:: EXERCISE OBJECTIVE ::
The expected output is every line of the data exactly as shown, minus the images.

:: SOURCE MATERIAL ::
"""
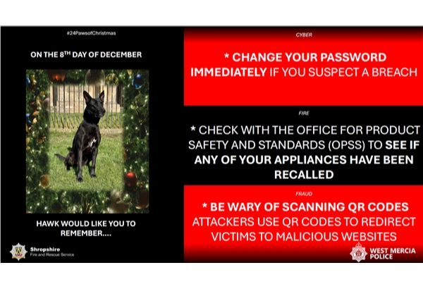 During December West Mercia Police Cyber Crime Unit and Shropshire Fire and Rescue Service would like to offer advice on how to stay safe over the festive period…..
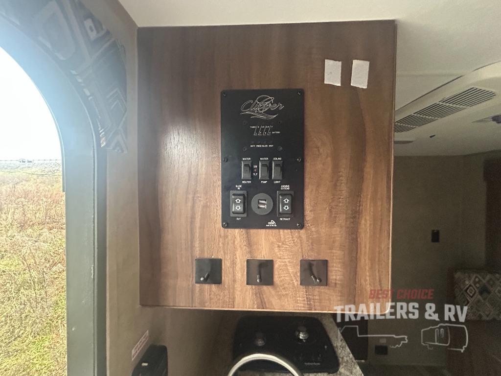 With any Clipper Ultra-Lite you can enjoy a smooth ride with a single Dexter E-Z Lube axle and aerodynamic front profile. Inside you will find 100% adhesion residential grade linoleum and residential laminated countertops for easy clean up after a long weekend of fun. You can enjoy the Jensen AM/FM Bluetooth stereo with App control and an interior command center as well. Come see why this travel trailer makes it convenient to take off and go at any time with your own family vehicle.
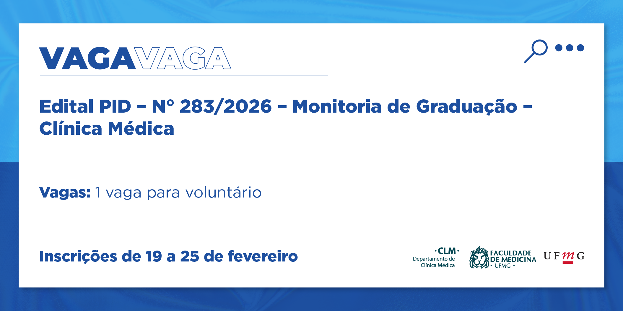 Edital PID – N° 283/2026 – MONITORIA DE GRADUAÇÃO – CLÍNICA MÉDICA
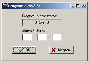 Amennyiben a programot véglegesíteni szeretnénk, el kell végeznünk az aktiválást. Ehhez a 6.3 pontban, illetve a program fejlécében olvasható program 6 jegyű sorozatszámot kell elküldenünk a golden@goldenkkt.hu címre. Válaszképp egy 9 jegyű kulcsot kapunk 111-222-333 formában. Ezt kell ebbe az ablakba begépelnünk. Ezt a műveletet csak egyszer kell elvégeznünk, utána a menüpont neve is átalakul, lásd következő pontot. |
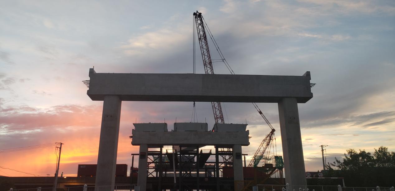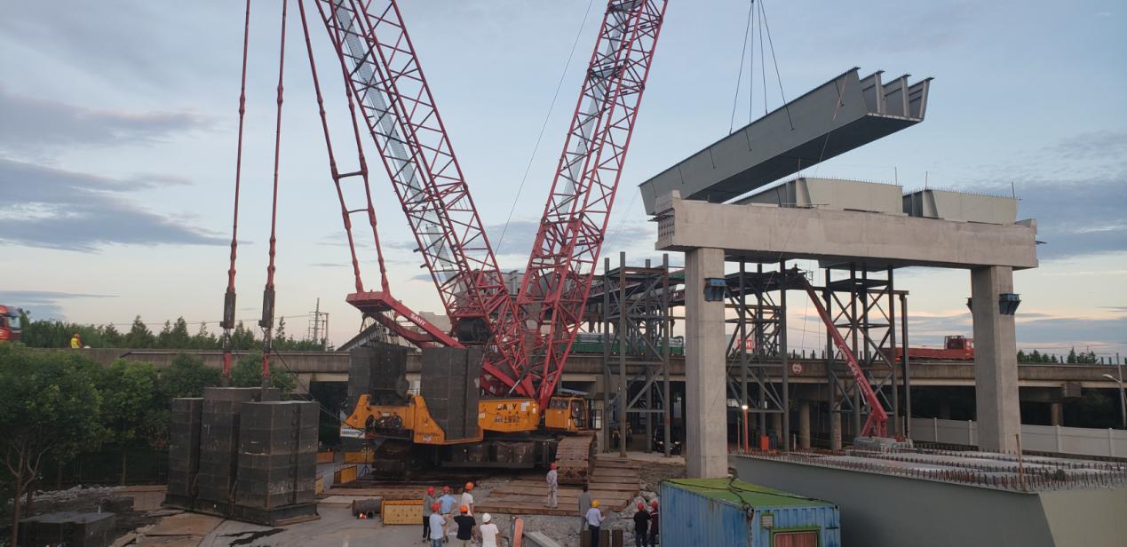 为确保主线高架的顺利推进,工程节点的按时完成,青发集团细部署、强落实、重协作,有序攻克关键技术节点。8月14日凌晨,三榀横跨G1503高速公路的钢混叠合梁采用两侧设置临时支架,以650吨履带吊超起状态进行吊装的方式全部架设完毕,为主线高架贯通打下了坚实的基础。截至目前,主线高架已完成75%,地面道路已完成32%。
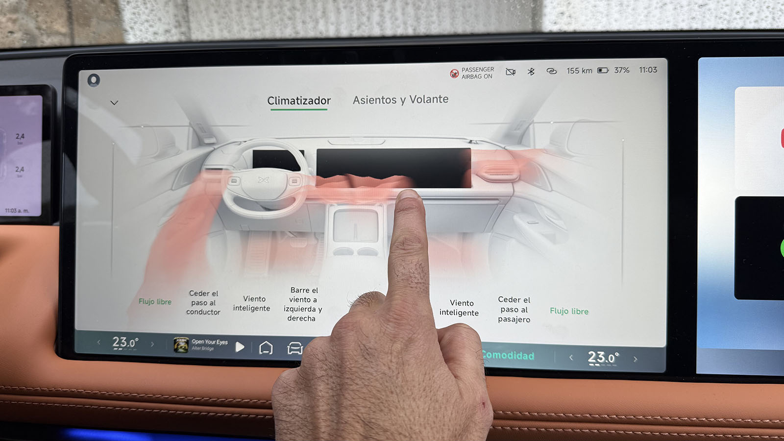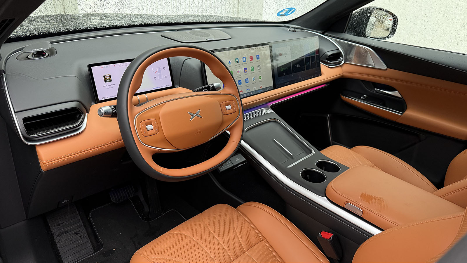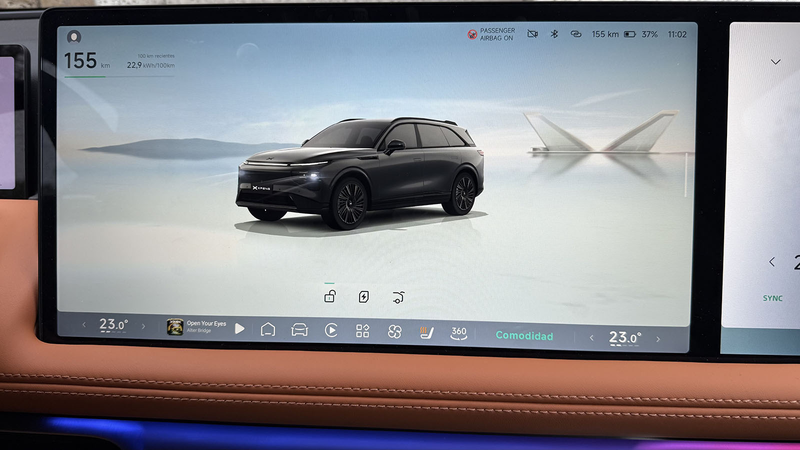 En el interior, el XPENG G9 redefine la experiencia de lujo que ya vimos en su momento estrenando en este caso cuatro colores interiores entre los que se incluye el nuevo Coffee Brown de nuestra unidad. Todo ello envuelto en una elevada sensación de serenidad, con el 95% de las superficies envueltas en materiales suaves al tacto. Los asientos, además, incorporan cuero Nappa y un diseño ergonómico de 12 capas, al tiempo que el sistema de masaje Shiatsu de 10 puntos ha sido desarrollado conjuntamente con especialistas en ortopedia, está disponible en 4 de sus 5 plazas.
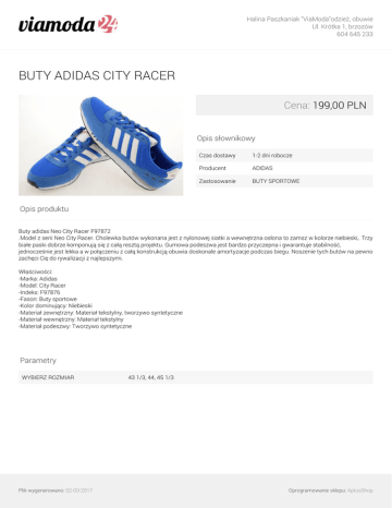 Halina Paszkaniak "ViaModa"odzież, obuwie Ul. Krótka 1, brzozów 604 645 233 BUTY ADIDAS CITY RACER Cena: 199,00 PLN Opis słownikowy Czas dostawy 1-2 dni robocze Producent ADIDAS Zastosowanie BUTY SPORTOWE Opis produktu Buty adidas Neo City Racer F97872 .Model z serii Neo City Racer. Cholewka butów wykonana jest z nylonowej siatki a wewnętrzna osłona to zamsz w kolorze niebieski,. Trzy białe paski dobrze komponują się z całą resztą projektu. Gumowa podeszwa jest bardzo przyczepna i gwarantuje stabilność, jednocześnie jest lekka a w połączeniu z całą konstrukcją obuwia doskonale amortyzacje podczas biegu. Noszenie tych butów na pewno zachęci Cię do rywalizacji z najlepszymi. Właściwości: -Marka: Adidas -Model: City Racer -Indeks: F97876 -Fason: Buty sportowe -Kolor dominujący: Niebieski -Materiał zewnętrzny: Materiał tekstylny, tworzywo syntetyczne -Materiał wewnętrzny: Materiał tekstylny -Materiał podeszwy: Tworzywo syntetyczne Parametry WYBIERZ ROZMIAR Plik wygenerowano: 02-03-2017 43 1/3, 44, 45 1/3 Oprogramowanie sklepu: AptusShop Halina Paszkaniak "ViaModa"odzież, obuwie Ul. Krótka 1, brzozów 604 645 233 Galeria Plik wygenerowano: 02-03-2017 Powered by TCPDF (www.tcpdf.org) Oprogramowanie sklepu: AptusShop
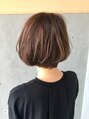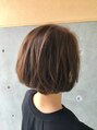 前下がりショートボブ。重軽なスタイルがポイントです♪カラーは、ハイライトとローライトを施し立体感を出します。上から全体的にマットブラウンカラーを施し、ちょっぴり都会的な大人ヘアに。
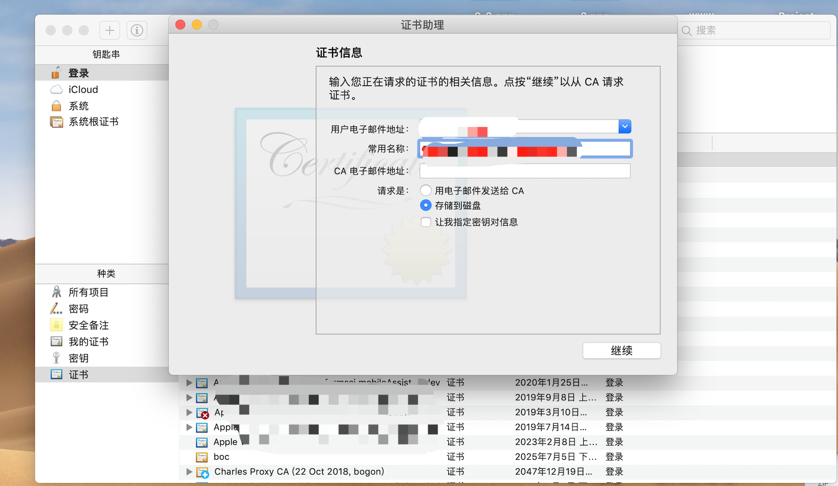 输入邮箱地址,常用名称,选择存储到磁盘,点击“继续”.其中常用名称可以采用公司名称+app名称+环境名
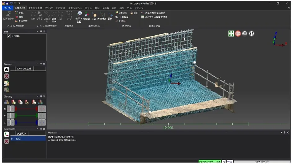 従来、配筋検査は手作業による業務が多く、特に施工管理においては、検査ロット数が増えることで準備作業が煩雑になる傾向がありました。これは時間と人的資源の負担となり、検査精度を確保する上でも悩みの種でした。このような状況を打破するために、「NuBas」の点群データ処理機能に着目しました。このシステムは、鉄筋の直径や本数、間隔といった詳細情報を自動計測し、視覚的な3Dモデルとして表示します。これにより、全体の施工状況を効率良く把握できるようになります。
"""
:: TASK RESULT ::
 During December West Mercia Police Cyber Crime Unit and Shropshire Fire and Rescue Service would like to offer advice on how to stay safe over the festive period…..
 With any Clipper Ultra-Lite you can enjoy a smooth ride with a single Dexter E-Z Lube axle and aerodynamic front profile. Inside you will find 100% adhesion residential grade linoleum and residential laminated countertops for easy clean up after a long weekend of fun. You can enjoy the Jensen AM/FM Bluetooth stereo with App control and an interior command center as well. Come see why this travel trailer makes it convenient to take off and go at any time with your own family vehicle.
 Edital PID – N° 283/2026 – MONITORIA DE GRADUAÇÃO – CLÍNICA MÉDICA
 Amennyiben a programot véglegesíteni szeretnénk, el kell végeznünk az aktiválást. Ehhez a 6.3 pontban, illetve a program fejlécében olvasható program 6 jegyű sorozatszámot kell elküldenünk a golden@goldenkkt.hu címre. Válaszképp egy 9 jegyű kulcsot kapunk 111-222-333 formában. Ezt kell ebbe az ablakba begépelnünk. Ezt a műveletet csak egyszer kell elvégeznünk, utána a menüpont neve is átalakul, lásd következő pontot. |
 为确保主线高架的顺利推进,工程节点的按时完成,青发集团细部署、强落实、重协作,有序攻克关键技术节点。8月14日凌晨,三榀横跨G1503高速公路的钢混叠合梁采用两侧设置临时支架,以650吨履带吊超起状态进行吊装的方式全部架设完毕,为主线高架贯通打下了坚实的基础。截至目前,主线高架已完成75%,地面道路已完成32%。
 En el interior, el XPENG G9 redefine la experiencia de lujo que ya vimos en su momento estrenando en este caso cuatro colores interiores entre los que se incluye el nuevo Coffee Brown de nuestra unidad. Todo ello envuelto en una elevada sensación de serenidad, con el 95% de las superficies envueltas en materiales suaves al tacto. Los asientos, además, incorporan cuero Nappa y un diseño ergonómico de 12 capas, al tiempo que el sistema de masaje Shiatsu de 10 puntos ha sido desarrollado conjuntamente con especialistas en ortopedia, está disponible en 4 de sus 5 plazas.
 Halina Paszkaniak "ViaModa"odzież, obuwie Ul. Krótka 1, brzozów 604 645 233 BUTY ADIDAS CITY RACER Cena: 199,00 PLN Opis słownikowy Czas dostawy 1-2 dni robocze Producent ADIDAS Zastosowanie BUTY SPORTOWE Opis produktu Buty adidas Neo City Racer F97872 .Model z serii Neo City Racer. Cholewka butów wykonana jest z nylonowej siatki a wewnętrzna osłona to zamsz w kolorze niebieski,. Trzy białe paski dobrze komponują się z całą resztą projektu. Gumowa podeszwa jest bardzo przyczepna i gwarantuje stabilność, jednocześnie jest lekka a w połączeniu z całą konstrukcją obuwia doskonale amortyzacje podczas biegu. Noszenie tych butów na pewno zachęci Cię do rywalizacji z najlepszymi. Właściwości: -Marka: Adidas -Model: City Racer -Indeks: F97876 -Fason: Buty sportowe -Kolor dominujący: Niebieski -Materiał zewnętrzny: Materiał tekstylny, tworzywo syntetyczne -Materiał wewnętrzny: Materiał tekstylny -Materiał podeszwy: Tworzywo syntetyczne Parametry WYBIERZ ROZMIAR Plik wygenerowano: 02-03-2017 43 1/3, 44, 45 1/3 Oprogramowanie sklepu: AptusShop Halina Paszkaniak "ViaModa"odzież, obuwie Ul. Krótka 1, brzozów 604 645 233 Galeria Plik wygenerowano: 02-03-2017 Powered by TCPDF (www.tcpdf.org) Oprogramowanie sklepu: AptusShop
 前下がりショートボブ。重軽なスタイルがポイントです♪カラーは、ハイライトとローライトを施し立体感を出します。上から全体的にマットブラウンカラーを施し、ちょっぴり都会的な大人ヘアに。
 输入邮箱地址,常用名称,选择存储到磁盘,点击“继续”.其中常用名称可以采用公司名称+app名称+环境名
 従来、配筋検査は手作業による業務が多く、特に施工管理においては、検査ロット数が増えることで準備作業が煩雑になる傾向がありました。これは時間と人的資源の負担となり、検査精度を確保する上でも悩みの種でした。このような状況を打破するために、「NuBas」の点群データ処理機能に着目しました。このシステムは、鉄筋の直径や本数、間隔といった詳細情報を自動計測し、視覚的な3Dモデルとして表示します。これにより、全体の施工状況を効率良く把握できるようになります。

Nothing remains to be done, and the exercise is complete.